We may well move some of those things to the OSS version, depending on interest, usage, etc. It's much easier to make things free than the other way around. Some Pro only features in Elixir have moved to OSS previously, and as a result of this project some additional functionality will also be moved.
Support only options aren't going to cut it in our experience; but maybe that'll be different with Python.
> There are many more options available in the Python ecosystem than Elixir, so you're competing against Temporal, Trigger, Prefect, Dagster, Airflow, etc etc.
There's a lot more of everything available in the Python ecosystem =)
> Support only options aren't going to cut it in our experience; but maybe that'll be different with Python.
That's totally fair, and I can only speak from the sidelines. I haven't had a chance to review the architecture - would it possibly make sense to swap from async as a free feature to the process pool, and make async a pro feature? This would help with adoption from other OSS projects, if that's a goal, as the transition from Celery would then be moving from a process pool to a process pool (for most users). The vast, vast majority of Python libraries are not async-friendly and most still rely on the GIL. On the other hand, Celery has absolutely no asyncio support at all, which sets the pro feature apart.
On the other hand, already released and as you said it's much harder to take a free feature and make it paid.
Thanks again for Oban - I used it for a project in Elixir and it was painless.
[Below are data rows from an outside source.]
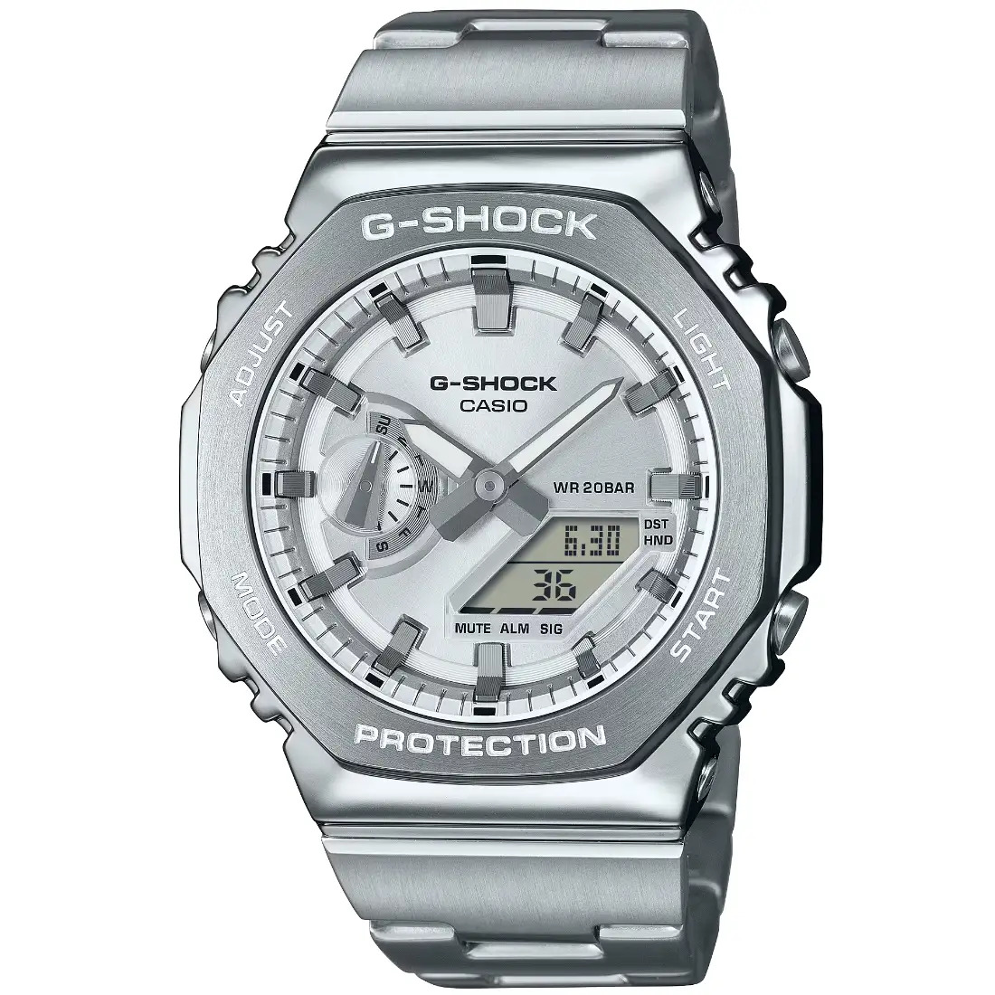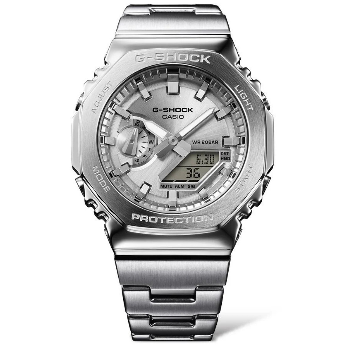 El marco octogonal de acero inoxidable, meticulosamente forjado y pulido, ofrece un diseño simple pero resistente. Con una carcasa de resina fina reforzada con fibra de vidrio, es la más delgada de todos los modelos combinados de G-SHOCK, con solo 11,8 mm de grosor.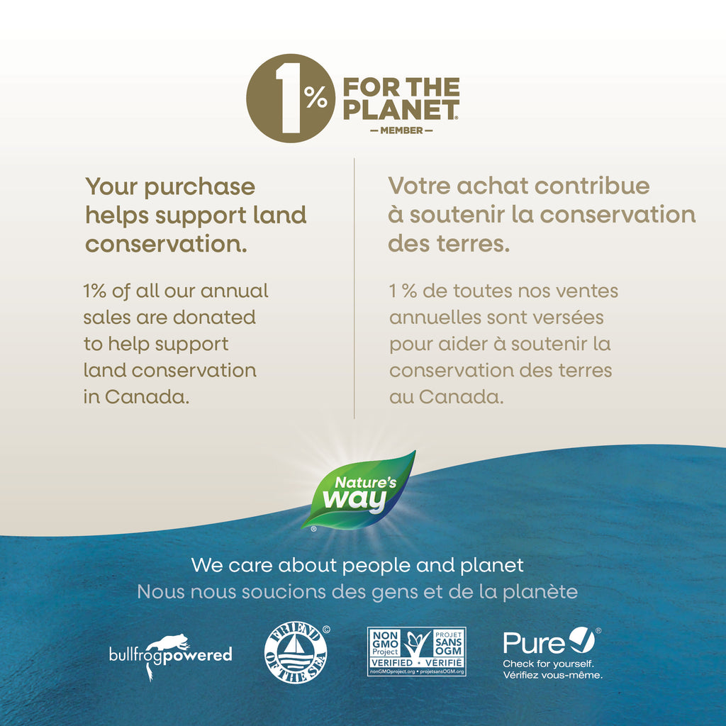 1% For The Planet: For over 50 years, Nature’s Way has turned to nature for inspiration and that connection drives our commitment to environmental responsibility. Every time you purchase a Nature’s Way Canada product, you are helping us protect the nature that inspires us all. As a proud member of 1% for the Planet, we contribute 1% percent of our annual sales to support environmental initiatives across Canada.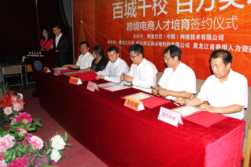 6月26日下午,“百城千校,百万英才”跨境电子商务人才培育项目黑龙江省签约仪式在我校举行。此次仪式由阿里巴巴(中国)网络科技有限公司主办,商务厅、教育厅领导以及来自企业、第三方机构和省内三十余所高校代表参加。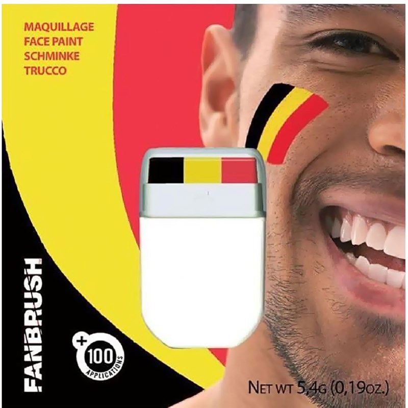 Schmink, in de kleuren van de Belgische vlag, in een stiftvorm zodat je in 1 keer de drie kleuren, zwart, geel, rood kunt schminken.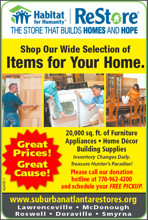 Habitat for Humanity ReStores provide funds for your local Habitat for Humanity by selling donated new and gently-used furniture, appliances, cabinets, and home goods. Shop, Donate, or Volunteer with us at any of our five suburban Atlanta locations SuburbanAtlantaReStores.org. Attend one of our monthly Volunteer Information Sessions, held the first Saturday of every month. For more information, please contact our Volunteer Programs Manager, Mary Robeck, mrobeck@habitat.org, 770.415.1636.

Missing Oban was why I made Chancy in the first place.
> The vast, vast majority of Python libraries are not async-friendly and most still rely on the GIL. On the other hand, Celery has absolutely no asyncio support at all, which sets the pro feature apart.
That's great advice. Wish we'd been in contact before =)
Thanks. My two cents would be to not lock technical features behind a paywall. Lock "enterprise" features like encryption, FIPS, compliance reports, etc which make sense for a big corp. This would be far more palatable for someone small like my one-two person teams to adopt it and pay if we ever become big enough to care about enterprisey features.